Error with Pytorch Lightning ddp_spawn on SLURM

Hi Folks!

I’m using Pytorch Lightning to tune hyperparamters. But my training function has issues when run with a SLURM script. The code works fine when I have an interactive shell running, where I execute the commands (see Slurm Workflow below) on each node manually. But when it’s run with a bash script I get the following errors consistenly:

Unexpected error from cudaGetDeviceCount(). Did you run some cuda functions before calling NumCudaDevices() that might have already set an error? Error 101: invalid device ordinal
Exception raised from device_count_impl at ../c10/cuda/CUDAFunctions.cpp:84 (most recent call first):

For this error, I tried restarting my tuning run.

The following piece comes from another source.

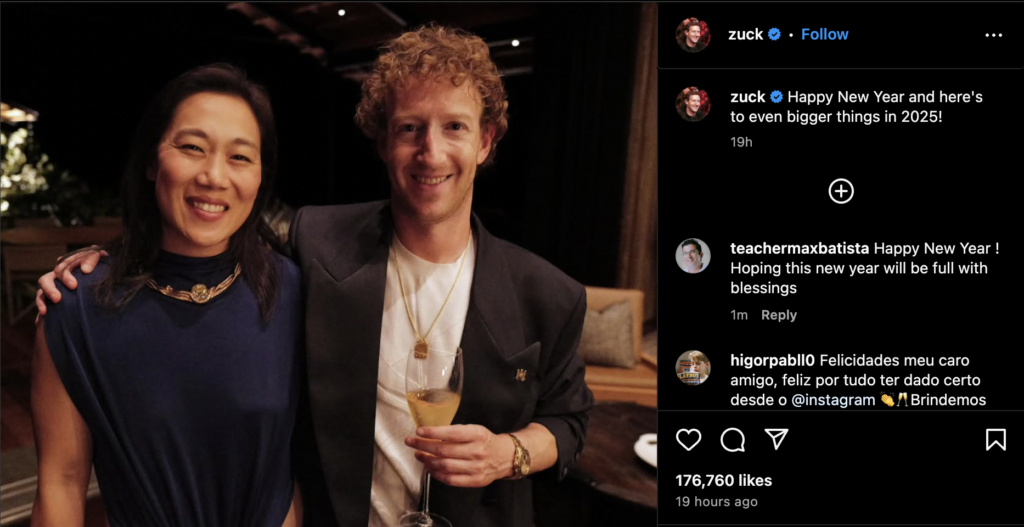 Meta Platforms Inc. META CEO Mark Zuckerberg took to Instagram, posting a photo with his wife, Priscilla Chan, and toasting to “even bigger things in 2025.”

Further down is this socket error.

Initializing distributed: GLOBAL_RANK: 0, MEMBER: 1/1
Initializing distributed: GLOBAL_RANK: 0, MEMBER: 1/1
[W socket.cpp:426] [c10d] The server socket has failed to bind to [::]:15841 (errno: 98 - Address already in use).
[W socket.cpp:426] [c10d] The server socket has failed to bind to 0.0.0.0:15841 (errno: 98 - Address already in use).
[E socket.cpp:462] [c10d] The server socket has failed to listen on any local network address.

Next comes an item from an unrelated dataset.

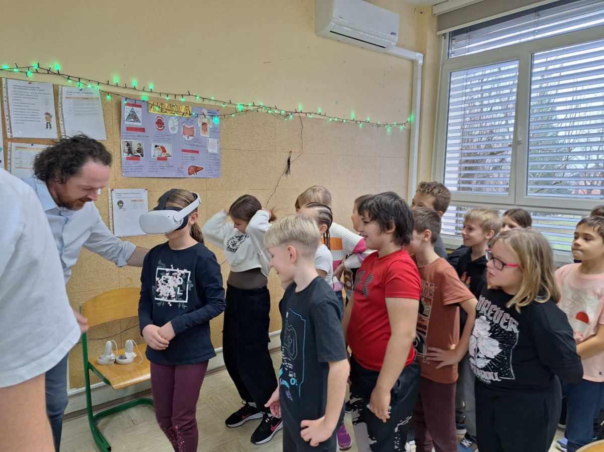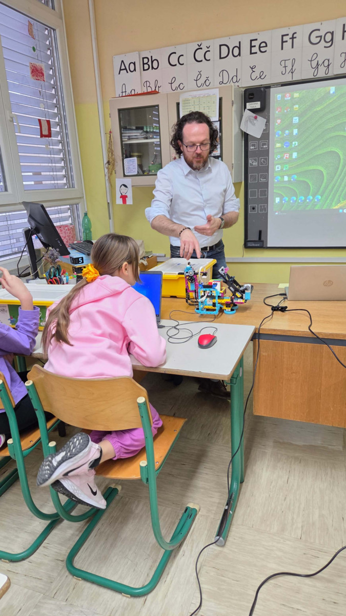 V sredo, 3. grudna 2025, smo imeli učenci četrtega razreda del pouka robotiko. Uvodoma smo se naučili štiri osnovne stvari: kako se pripravi senzor barv, kako se prižge motor in luč na robotu ter nekaj osnov programiranja. Nato smo morali zgraditi svoje snežne sani in jih na računalniku programirati. Sledile so dirke s snežnimi sanmi, ki so bile napete in hkrati prav zabavne. Za zaključek smo bili z VR (virtualna resničnost) očali v vesolju in pod nami je bila Zemlja. Vse se je zdelo zelo resnično.

Each Trainer has 8 GPUS to work with which I verify by printing with torch.cuda.is_available() and torch.cuda.device_count() before calling trainer.fit(model,dm). I had to use ddp_spawn as the trainer.fit is called from another process.

My trainer setup:

trainer = Trainer(
            max_epochs=int(budget),
            accelerator="auto",
            num_nodes=1,
            devices="auto",
            strategy="ddp_spawn",
            max_time="00:1:00:00",  # give each run a time limit
            num_sanity_val_steps=1,
        )

SLURM Env flags:

export NCCL_DEBUG=INFO
export CUDA_LAUNCH_BLOCKING=1
export TOKENIZERS_PARALLELISM=False
export TORCH_DISTRIBUTED_DEBUG=DETAIL
export TORCH_SHOW_CPP_STACKTRACES=1

Slurm Workflow:

  • set flags, navigate to folder and activate python enviroment
  • obtain list of nodes as a list
  • start the first node in the list as a Master for the Hyperparameter Tuning Lib
  • start the remaining nodes as workers.
  • tear down and clean up

I am not sure how to deal with this, so any advice is welcome.

Thank you :slight_smile: